NEW YORK -- The Dow Jones industrial average soared to a record high and U.S. stocks rose yesterday as banks and other financial companies gained on optimism that falling interest rates will cause profits to surge.
Shares of investment banks, mortgage companies and other lenders rose as signs that inflation isn't accelerating encouraged hopes that the Federal Reserve will reduce interest rates later this year. When rates fall, consumers and businesses borrow more, and profit margins for lenders expand.
The Dow Jones industrial average rallied 42.27, to 4,747.21, surpassing its previous closing high of 4,736.29 on July 17. It was the seventh gain in eight sessions and the biggest jump since July 25's 45.78 points. Still, the 30-stock average stopped short of its intraday record of 4,754.60 on Aug. 2.
J. P. Morgan & Co., Eastman Kodak Co. and DuPont Co. led the advance.
Among the biggest financial gainers, Federal National Mortgage Association rose $3, to $99, Federal Home Loan Mortgage Corp. gained $1.125, to $67.25; Citicorp rose 50 cents, to $67.50; J. P. Morgan jumped $1.625, to $74.75; and Merrill Lynch & Co. rose $1.25, to $61.375.
Tempering the gains, auto issues and technology stocks slumped. Automakers' shares fell as concern spread that North American operations are sluggish and third-quarter earnings may fall below estimates. So-called cyclical stocks had rallied for two weeks amid optimism that the economy was growing enough to drive corporate profits higher.

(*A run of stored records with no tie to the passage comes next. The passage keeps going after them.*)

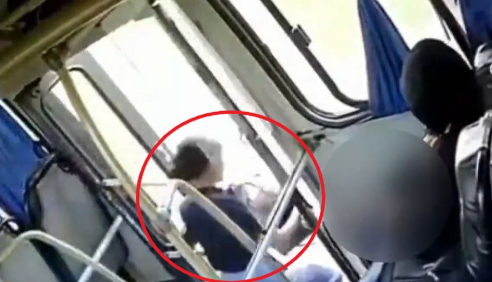 Se puede observar a la joven, que se disponía a bajar del ómnibus, siendo testigo del acto exhibicionista. Cuando el chofer del bus abre la puerta trasera, la joven se lanza, sin esperar que el rodado frene totalmente.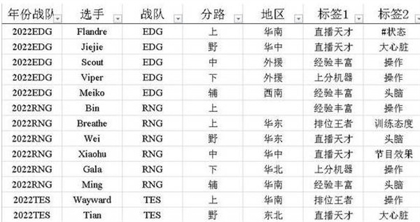 2:如图所示,对应的选手和标签一二小编都已经罗列出来了,你们可以进行参考,当然了,选手转会的时候是必得整卡的,所以这个我们可以利用一下,但是这个要看你们自己,反正下面的标签就是这样了,你们可以自行查阅。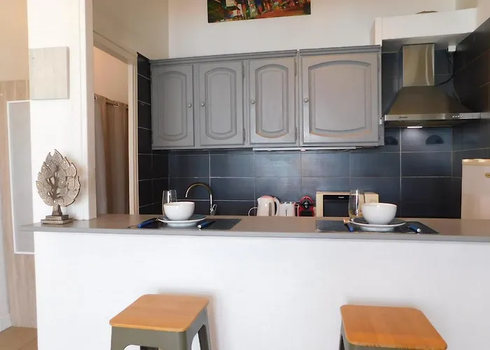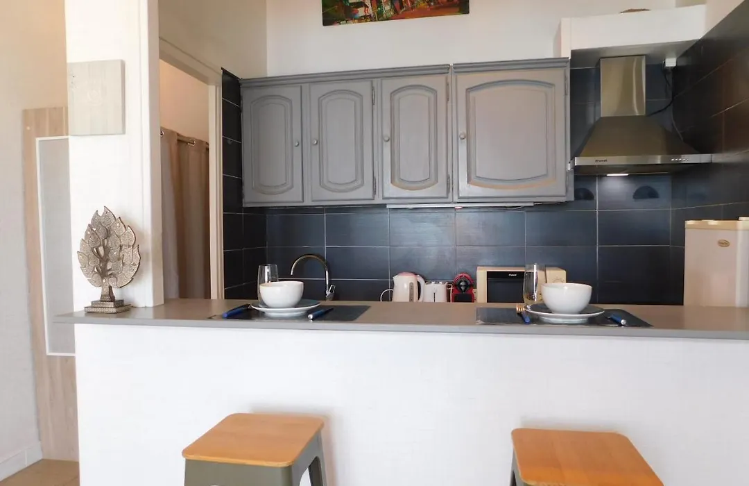 A fully furnished kitchen is fitted with a microwave, an electric kettle, and a refrigerator. Guests can enjoy French cuisine in Le Bambou Plage located about 5 minutes' walk away. Splendid "Savoy Palace" Studio With Sea View And Air Conditioning is at a distance of 200 metres from Lenval / Promenade bus stop.
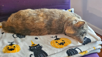Tsuki enjoyed a really chill week, full of rest and relaxation. It was such a mood this past week; not sure if it's due to sleep struggles, energies, or what, but man, was it tempting to try to just sleep the week away (even though it wasn't possible to do so).Tsuki savored her cozy cat naps, recharging her batteries to be ready for wild antics and shenanigans. She had a blast playing with her toys once she was all rested up (and she even destroyed one of them). This goofy kitty definitely keeps things interesting.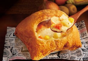 1996年の発売以来、多くの方から愛されている冬の名物メニューが今年も登場。国内産チキンとじゃがいも、にんじん、コーン、玉ねぎを使用した具だくさんのクリームシチューに、サックサクの食感に生まれ変わったパイ生地をのせて焼き上げている。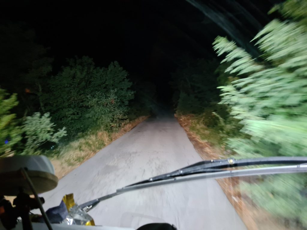 Bułgarskie drogi nas nie rozpieszczają, a dodatkowo nawigacja prowadzi nas po zmroku w głęboki las. Na szczęście Arek zareagował w ostatniej chwili i wyprowadził nas z powrotem na właściwy kurs.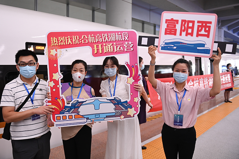 合杭高鐵湖州至杭州段首趟列車旅客在杭州西站站臺合影留念。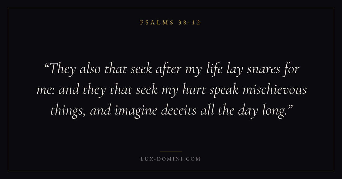 They also that seek after my life lay snares for me: and they that seek my hurt speak mischievous things, and imagine deceits all the day long.

Shares of Ford Motor Co. fell $1.125, to $30.875; General Motors Corp.'s stock slid $1.625, to $47.75; and Chrysler Corp. shed 75 cents, to $56.625.

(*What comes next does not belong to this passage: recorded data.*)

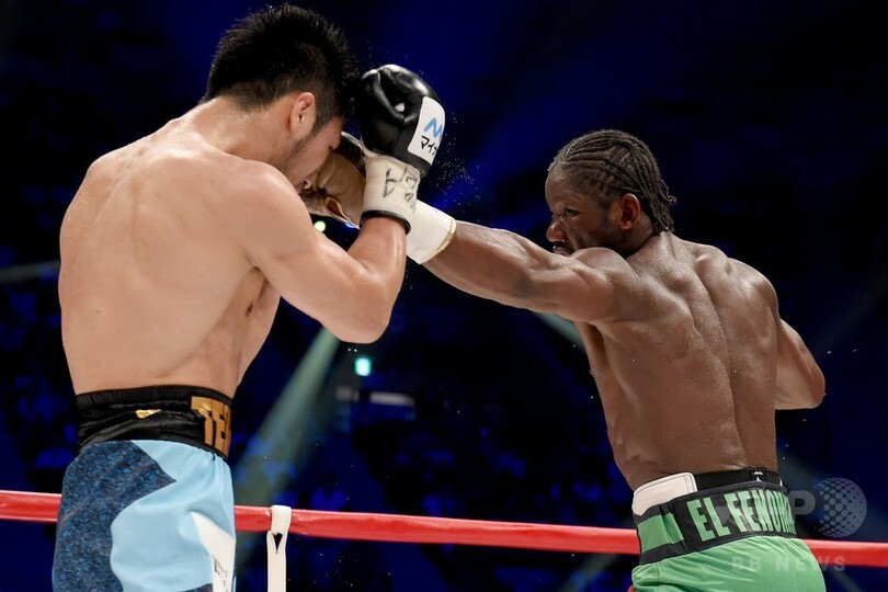 有明では同日、ほかにも世界タイトルマッチが2試合行われ、WBC世界フライ級タイトルマッチ12回戦では比嘉大吾(Daigo Higa)が、WBC世界ライトフライ級タイトルマッチ12回戦では拳四朗(Ken Shiro)が、それぞれ王座を獲得した。(c)AFP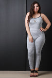 This fitted plus size jumpsuit features a soft marled knit fabrication, scoop neck with contrast spaghetti shoulder straps, sleeveless construction, and taper cut legs. Accessories sold separately. Made in U.S.A. 95% Polyester, 5% Spandex.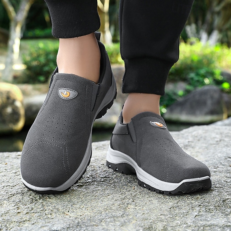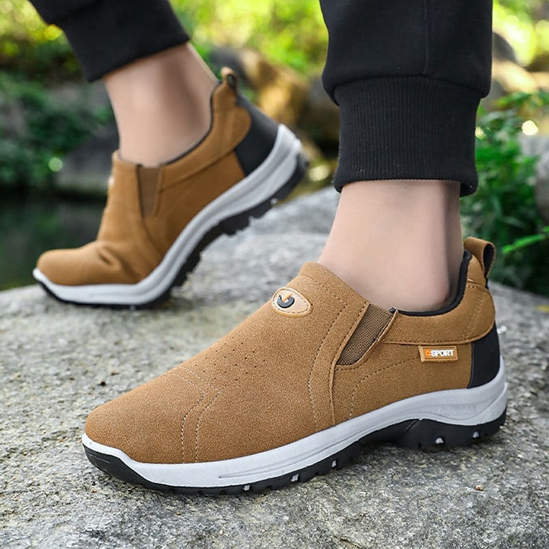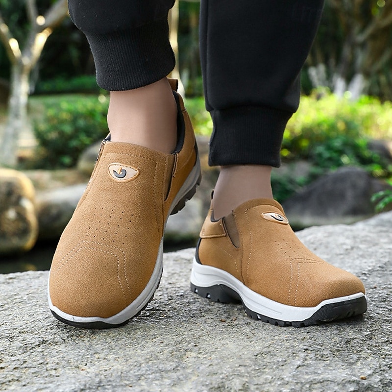 HOT ! Men's Tan Slip-On Hiking Shoes - Lightweight Outdoor Walking Sneakers with Non-Slip Sole for Trekking and Daily Wear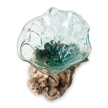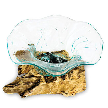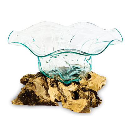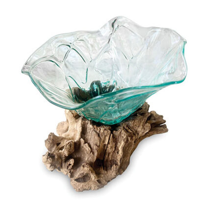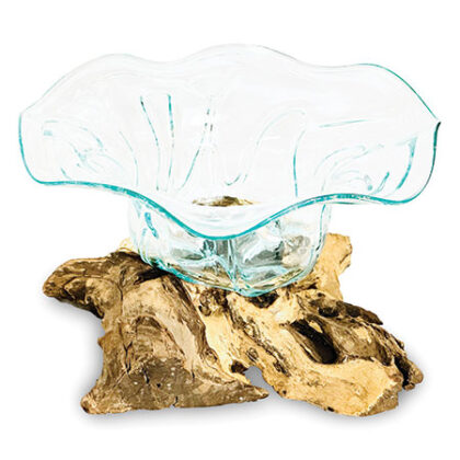 Hand-crafted molten glass bowl with a flower shape sits atop a natural root wood base. Unique appearance; sizes are approximate.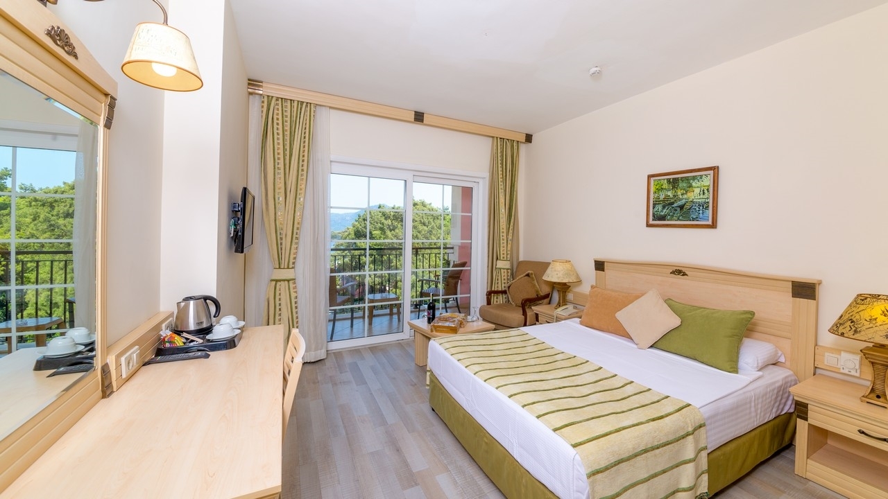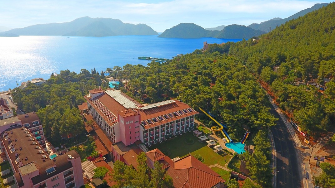 Lokacija: Hotelski kompleks se nalazi oko 5 km od Marmarisa na putu ka Ičmeleru, od koga je udaljen oko 2 km i sa oba mesta je povezan lepim uređenim šetalištem. Sastoji se iz glavne zgrade i vila.

The broader Standard & Poor's 500 index also rose to a record high, climbing 2.6, to 576.51 after falling earlier as auto shares retreated. It was the index's sixth record in a row.
Shares of electrical equipment, oil, beverage and financial companies rose, offsetting the drop in auto, semiconductor and computer issues.

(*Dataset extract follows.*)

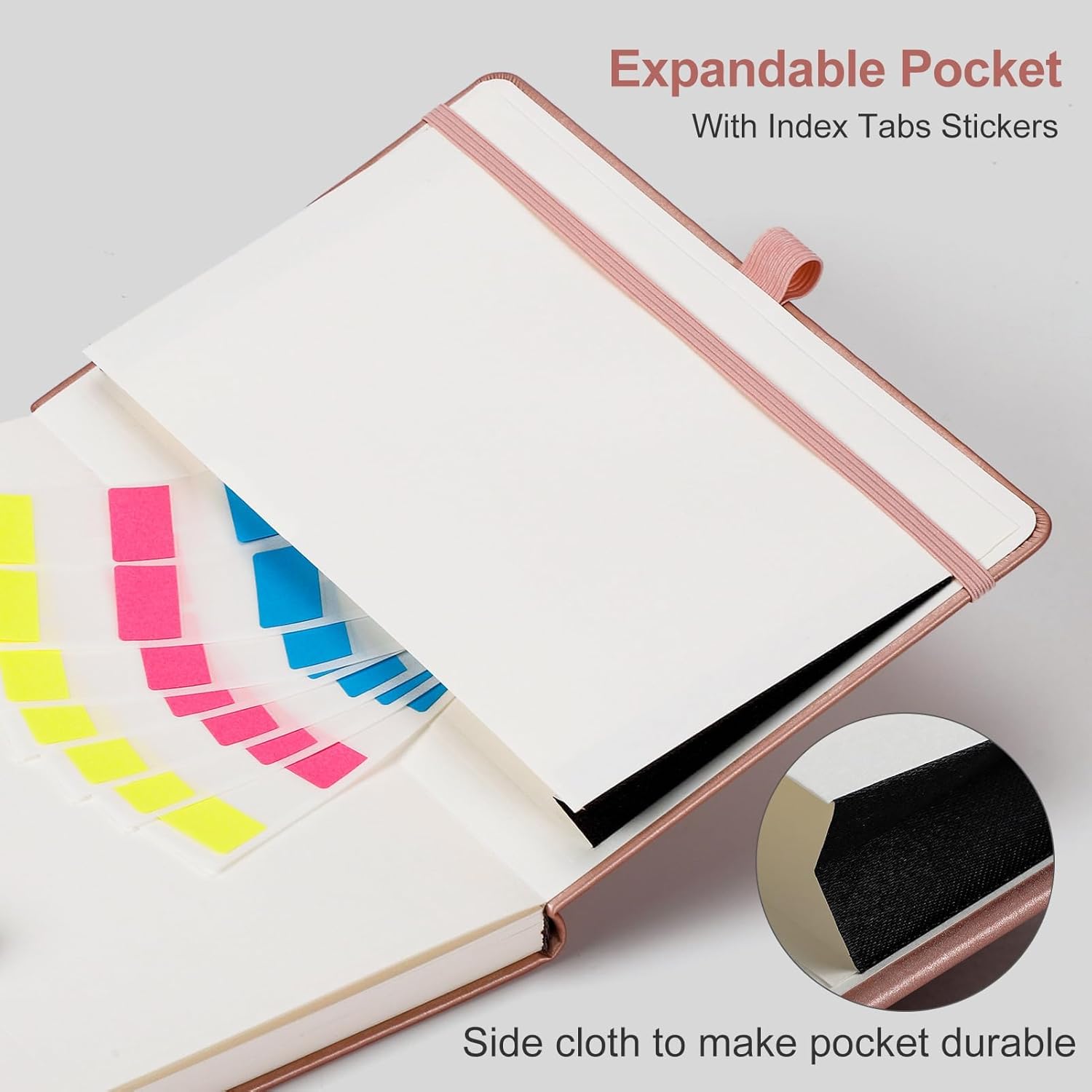 - CONVENIENT AND PRACTICAL LAYOUT: Features a pen holder for easy access to your pen, an elastic band to keep your notebook securely closed, 2 bookmarks for quick page referencing, an inner pocket for storing loose papers, and 18pcs sticky notes for additional organization and reminders

About 14 stocks rose for every nine that fell on the New York Stock Exchange, where about 342.6 million shares traded hands. That's more than the three-month daily average of 337.5 million.
The technology stock-laden Nasdaq composite index was the one popular market gauge to fall, slipping 1.56 to 1,065.00 after reaching a record Monday. A report showing stronger-than-expected demand for semiconductors in August confirmed for some investors that third-quarter earnings will be strong, while others saw it as a sign that sales will fall.
The Nasdaq's drop was its second decline in nine days.
Among broad market indexes, the Russell 2000 index of small capitalization stocks rose 0.66 to a record 315.56; the Wilshire 5,000 index, comprising stocks on the New York, American and Nasdaq stock exchanges, rose 20.45 to a record 5,764.93; the Amex market value index jumped 3.23 to an all-time high of 553.58; and the S&P; 400 midcap index fell 0.22 to 217.28.
Yesterday's most active stocks in U.S. composite trading were Corporate Express Inc., Imatron Inc., International Business Machines Corp., Intel Corp. and General Instrument Corp.
Optimism about interest rates came after a report that prices paid to factories, farmers and other producers fell 0.1 percent in August -- the third consecutive month without an increase in the inflation rate.
The benchmark 30-year government bond rose about 1.125 basis points, or $11.25 per $1,000 bond, driving its yield down 8 points to 6.5 percent, the lowest since July 6. The yield is a sensitive barometer of inflation expectations.
Stocks could give back some of their gains if today's Consumer Price Index fails to confirm that inflation remains sedate.